The story is about Yorick, an English major whose only ambition is to become a magician, until every man on Earth dies a bloody, painful death at the exact same time. He's the only one left, and we follow his adventures. It takes a lot from Ennis. Mostly paying hommage, even the occasional reference. But it's definitely its own book, and one of the few that I think improves with every issue. This one features an abandoned ballpark showdown, an S&M dream sequence, and the mandatory jawdropper ending.

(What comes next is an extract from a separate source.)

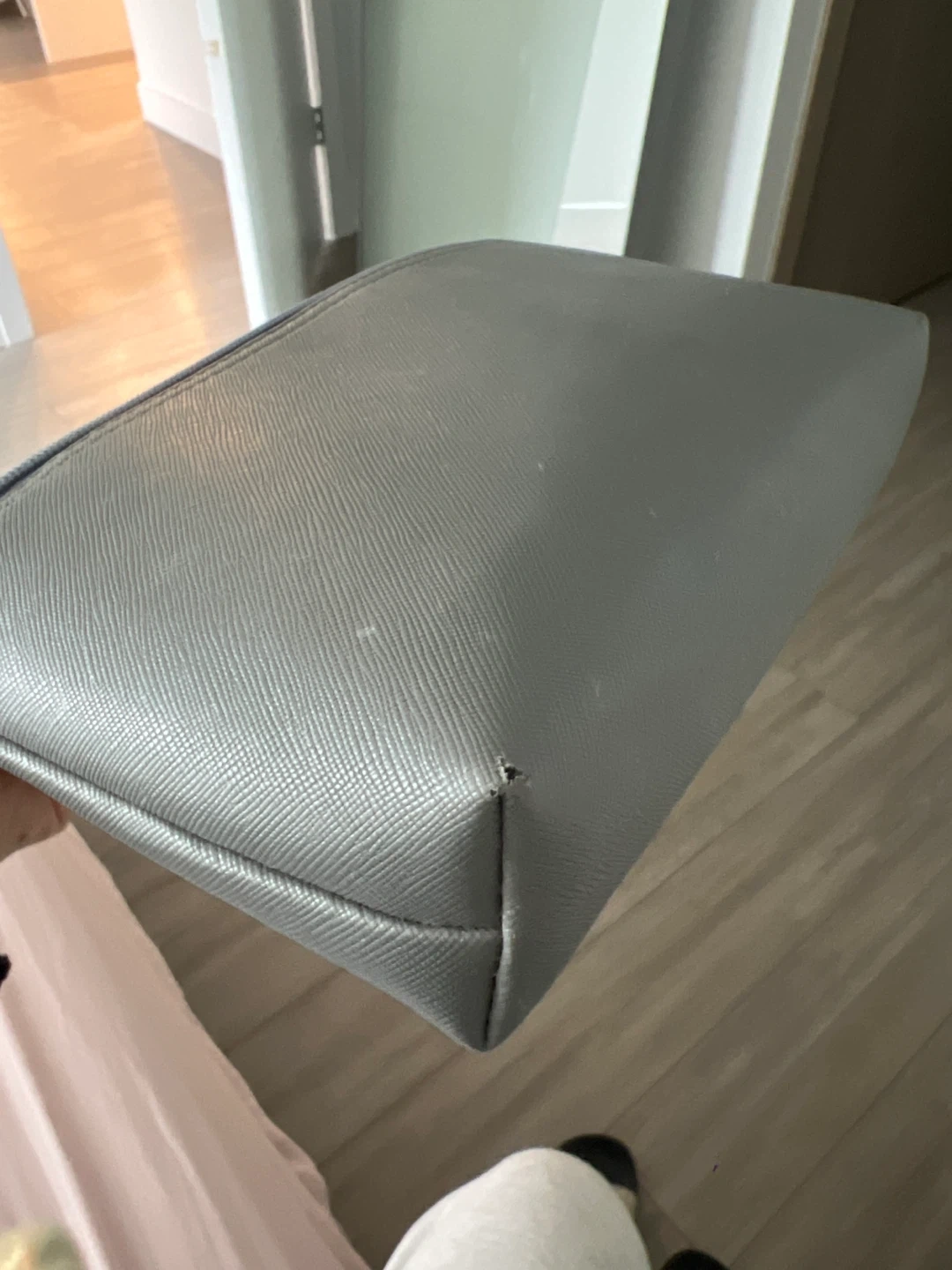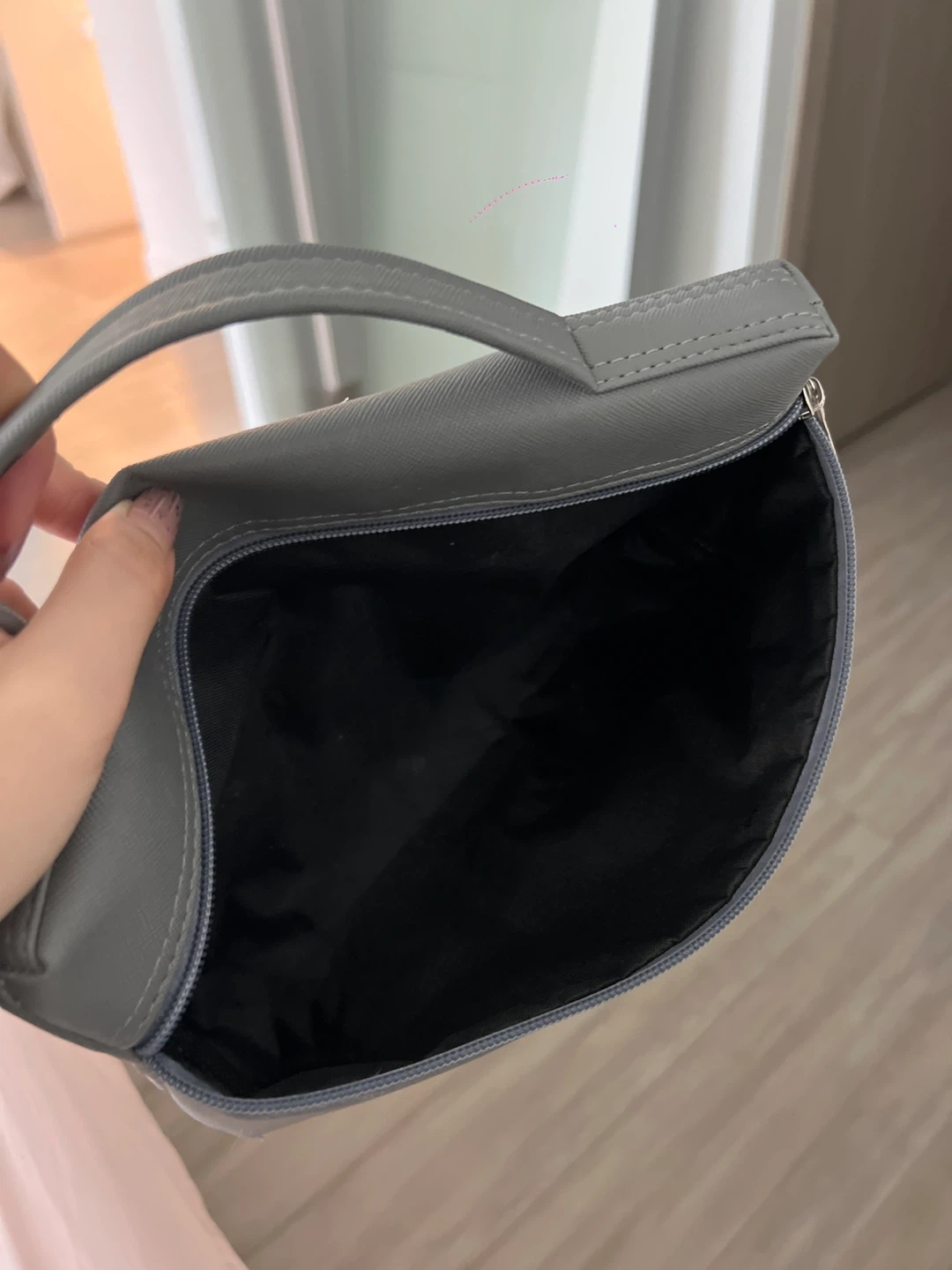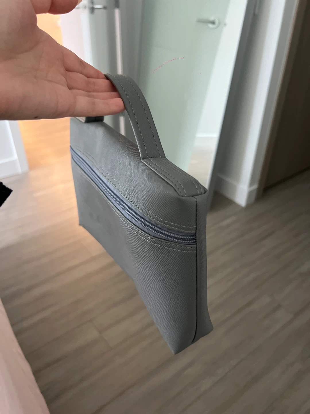 Grey makeup bag with a zippered closure. It's made of faux leather material and includes a top handle for easy carrying. The interior is lined with black fabric.
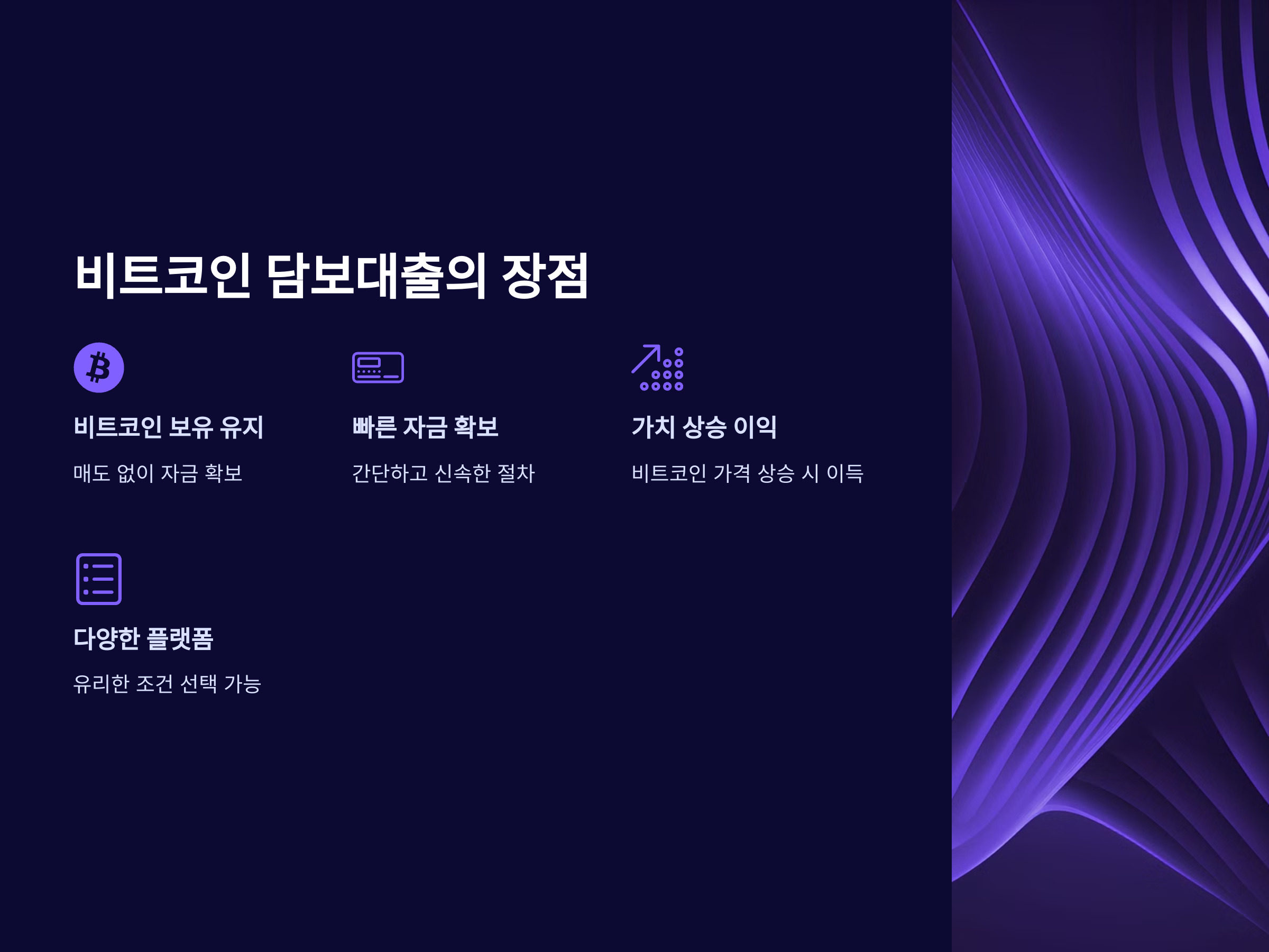 - 비트코인 보유 유지: 가장 큰 장점은 비트코인을 팔지 않고도 자금을 확보할 수 있다는 점입니다. 많은 비트코인 투자자들이 자산을 매도하는 대신, 필요한 자금을 대출받아 투자 자산을 계속 보유할 수 있습니다.

Of note: David Lapham, mentioned earlier in a Stray Bullets pick, took his first stab at selling out this week. After 10 plus years doing evil indie crime books, his first issues of Batman Detective Comics and The Darkness came out. The Batman story is pretty good. Real world Batman and such. Proves to be far better than the blockbuster Jeph Loeb series. Then there's The Darkness. What a weird book to do. It started with Image's T&A offshoot company from the 90s, Top Cow. Garth Ennis wrote the first four or five issues and bolted. It went defunct, then came back. Now Lapham writes it. The art in this week's is horrible. He's clearly mucking through the mythology, sorting out where he's gonna go. But the Atlantic City-based story is promising, and so are the characters. I'm going to stick with it. It's Lapham.